Website protection

Started by rajeshmehra615, Jul 18, 2022, 12:56 PM

Previous topic - Next topic

rajeshmehra615Topic starter

There is such problem - hаckers are breaking into the site.
They write their script instead of mine, those place direct links to the file, edit  and save. I can't figure out how to fix this problem.


You need to look for a backdoor script most likely. Look at the server access logs.

For example, they edited their script to its original state. Then we wait for it to be replaced by someone else again. We look at the time of editing the file. And by this time in the logs we are looking for - where the access to the file came from and what was recorded before.

Finding a backdoor is not enough - you also need to understand how it placed on the site - that is, find a vulnerability.

What is the engine version?

And give an example of code that is being implemented.


Unfortunately, even very well-known web sites (TW, Facebook, etc.) are often subjected to such attacks and it is quite difficult to resist them. Our advice is to use a good CMS or hire an experienced programmer. If there is no money for a programmer, then try to remove from your site the opportunity to register and have your own account for any users.

Viruses on your computer.
It is absolutely not for nothing that everywhere and everywhere they say "You need to check your computer for viruses", "Update your antivirus", etc.
Yes, indeed, if there are viruses on your computer, then with a very high probability the same malicious code has already "stolen" all your usernames and passwords from everything: mail, Internet-banking, the administrative panel of web site, databases, access to all your personal accounts.

What to do?
Try not to store passwords on your computer, and even more so in the browser. Check your computer regularly for viruses and, if necessary, "clean up" from them. Antivirus also needs to be constantly updated.
Use only proven and reliable antivirus software or switch to UNIX-like systems altogether.

Do not download or install suspicious software, do not download images from emails from an unknown sender, and, moreover, do not follow the link in the body of such emails.

Site Security Tips.
Check web site for viruses.
Make a backup of web site as often as possible (for most sites - once a day).
Log files contain all requests sent to the server and, as a rule, can help identify the loophole through which the site was hаcked. If you understand them, of course... But even if you don't understand, then save them as often as possible, because web hosting provider stores logs for a certain time (about 2 weeks). If your site was infected at an earlier date, then it will no longer be possible to use log files to detect the "hole".

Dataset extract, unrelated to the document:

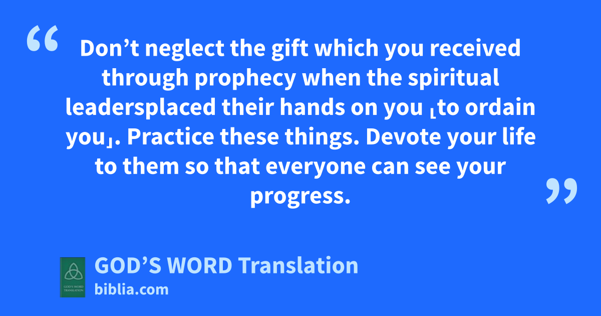 11 Insist on these things and teach them. 12 Don’t let anyone look down on you for being young. Instead, make your speech, behavior, love, faith, and purity an example for other believers. 13 Until I get there, concentrate on reading ⸤Scripture⸥ in worship, giving encouraging messages, and teaching people. 14 Don’t neglect the gift which you received through prophecy when the spiritual leadersa placed their hands on you ⸤to ordain you⸥. 15 Practice these things. Devote your life to them so that everyone can see your progress. 16 Focus on your life and your teaching. Continue to do what I’ve told you. If you do this, you will save yourself and those who hear you.

If your web site has payment functions (you need to enter bank card numbers, etc.), then either use the secure https protocol, or use external payment services.
Study the functionality of web hosting provider. Large hosting companies, as a rule, take care of the security of their clients' services and websites, and therefore you can find many popular ways to protect your web  site directly in the hosting provider's control panel.
Set your site developer the task of protecting the site from hаcking and carefully study the report of the work performed.
Consult with another developer and ask them to check whether all the "holes" of your site are closed for sure. If at first glance these events seem expensive and meaningless to you - imagine how expensive it will cost you to hаck your web site and make the right decision for yourself.